Она была сильной. Все это знали. Еще до того, как познакомился с ней, был наслышан о ее твердолобости. «Совсем не прирученная. Еще и бодается», — говорили. Любой бы восхитился.
Мы встретились на вечеринке, и я притворился, будто ни разу не слыхал имени и не жаждал увидеть ее в лицо. Вел себя нарочито равнодушно и как бы судьбоносно возникал подле нее весь вечер.
Потом ее подруга перепила, и она попросила меня помочь. Я нес ее подругу на спине до их (тогда еще) квартиры, а она сама шагала рядом и пыталась выспросить моих любимых музыкантов. А ты часто ходишь в галереи? Слышал, что сделала такая-то? Покупаешь картины?
— Боюсь, я привык отмалчиваться, — извинялся, если она жаловалась на мою замкнутость. Мы шли под безмолвием многоэтажек и летним треском фонарных столов. За весь путь она не сказала ни единой банальности.

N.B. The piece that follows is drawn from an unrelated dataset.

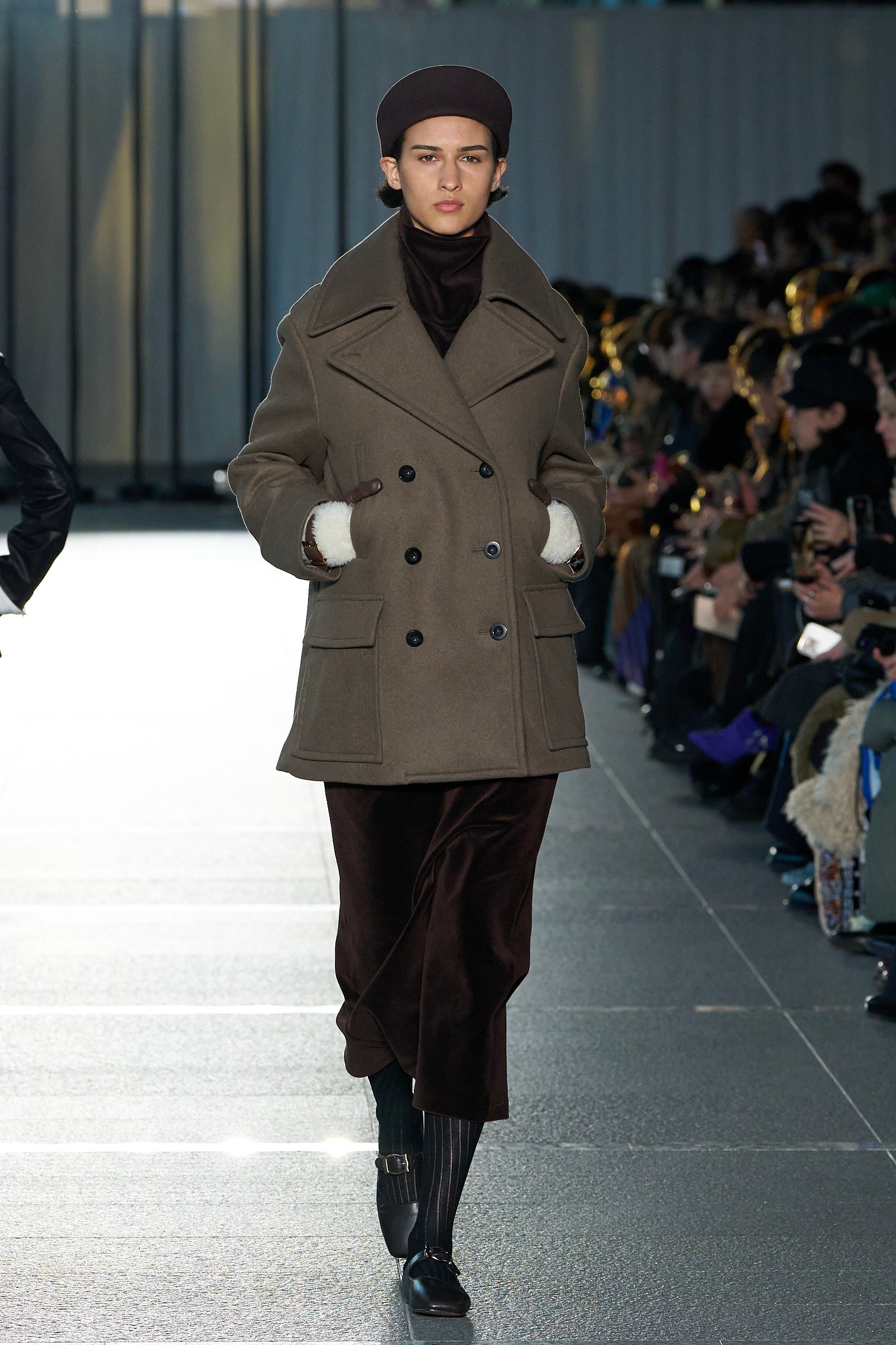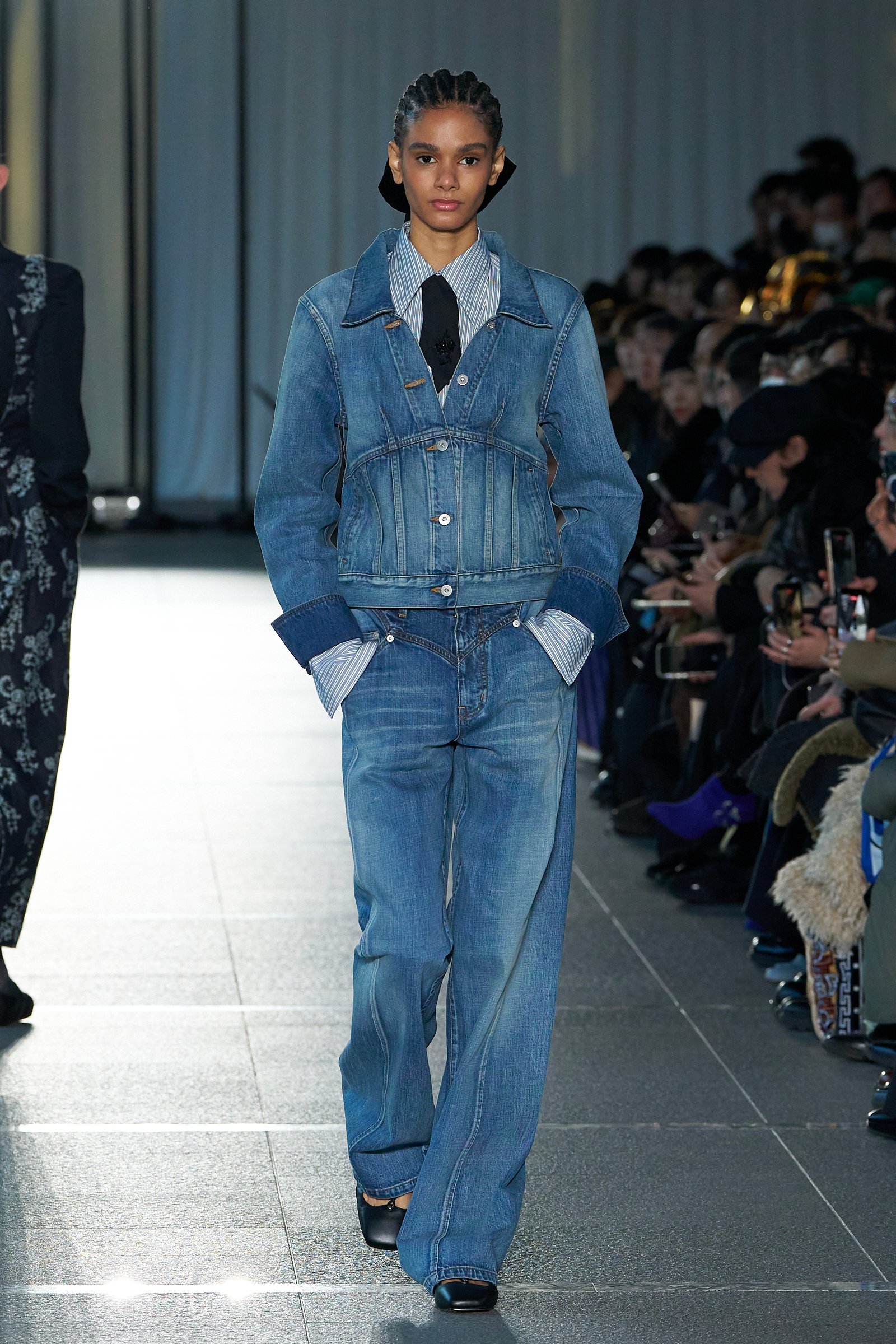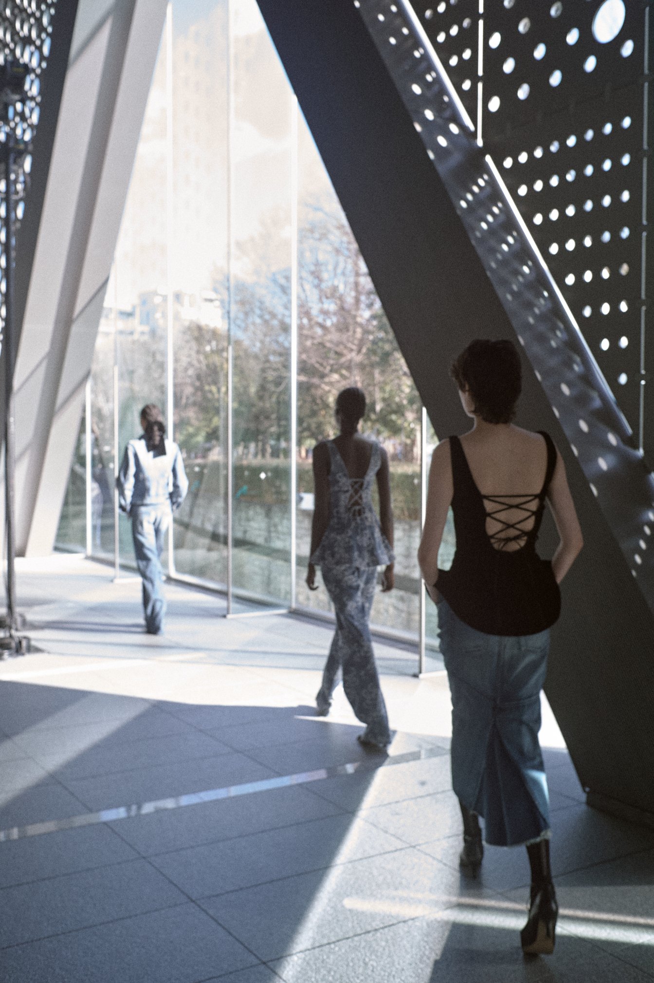 その意図は、自然光がたっぷりと差し込む東京都現代美術館のロビーを舞台に、まるで雑踏の中を女性たちが静かに闊歩するような、現実世界と地続きの世界観でショーが行われたことや、モデルの人選にも反映されていた。過去のショーでも、フェティコは人種や体型、年齢など、モデルの多様性を通してブランドが描く女性像を提示してきたが、今回はそれに加えてプロのモデルだけでなく、ブランドが「素敵だ」と考えるファッション業界で働く一般の女性たちもコレクションを纏ってランウェイを歩いた。そのことからも、服作りを通してより多くの女性たちの日常に寄り添いたいという、舟山の意思や願いが感じられる。

— Еще встретимся, — бросила на прощание.
Как я сказал, она была очень упрямой. И дикой. Лишь слегка не дотягивала до слухов о себе самой.
Говорят, с такими счастья не построишь. Будешь мучиться в бедности, постоянных изменах и ссорах. Это напридумывали люди, вроде меня, дабы оправдать собственное бессилие и облегчить навязчивый груз ответственности. Люди, полные жизни, вызывают лишь всеобщее недоумение и жажду подвоха.
В тот самый момент, когда мне пришлось тащить на спине тоненькую с виду ее подругу с несвежим нетрезвым дыханием, я был отмечен тем самым весом, новой обязанностью. Я должен был запомнить, какой она была, и непрестанно напоминать ей об этом. И быть рядом, прежде всего.
«Не люблю банальностей», — говорил я себе. — «Терпеть не могу обыкновенные отношения». Что-то пошло не так. Я потянулся к ней, потому что она была безудержна, но все-таки обманулся. Отсиживаться дома с тарелкой супа оказалось очень даже приятно.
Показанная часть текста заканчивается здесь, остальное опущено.